Figure 5B represents data that would correspond to adult height. The data exhibit greater scatter than in Figure 5A; however, there is still a fairly strong resemblance between parents and offspring. The correlation coefficient in this case is 0.5. This value means that, on average, the offspring height is approximately halfway between that of the average of the parents and the average of the population as a whole.
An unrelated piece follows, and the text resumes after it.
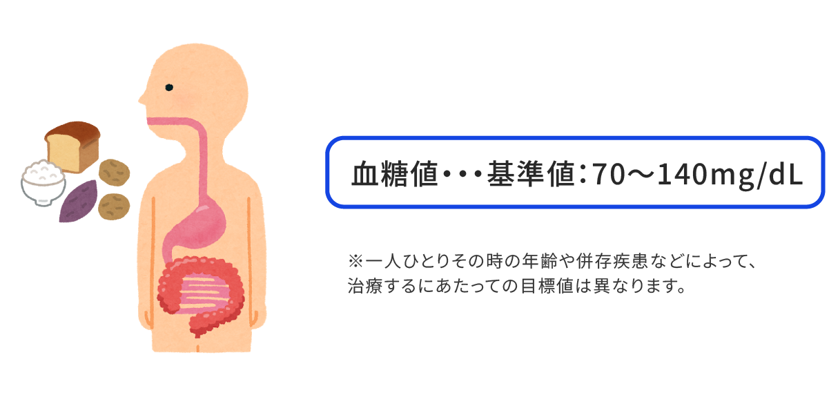 ご飯やパンに含まれる糖質が、おなかの中で消化されブドウ糖になります。ブドウ糖は血液に溶けて血糖となり、全身の細胞に届けられます。生きていくためには最も重要なエネルギー源です。血糖値とは、血液中に含まれるブドウ糖の「濃さ」のことで、高すぎても低すぎてもいけません。

The illustrations in Figure 5A and 5B also emphasize one limitation of the correlation coefficient. The correlation coefficient measures the strength of a straight-line (linear) relation. A nonlinear relation (one curving upward or downward) between two variables could be quite strong, but the data might still show a weak correlation.
Each of the straight lines in Figure 5 is a regression line or, more precisely, a regression line of y on x. Each line depicts how, on average, the variable y changes as a function of the variable x across the whole set of data. The slope of the line tells you how many units y changes, on average, for a unit change in x. A slope of +1 implies that a one-unit change in x results in a one-unit change in y, and a slope of 0 implies that the value of x has no effect on the value of y. The slope of a straight line relating values of y to those of x is known as the regression coefficient.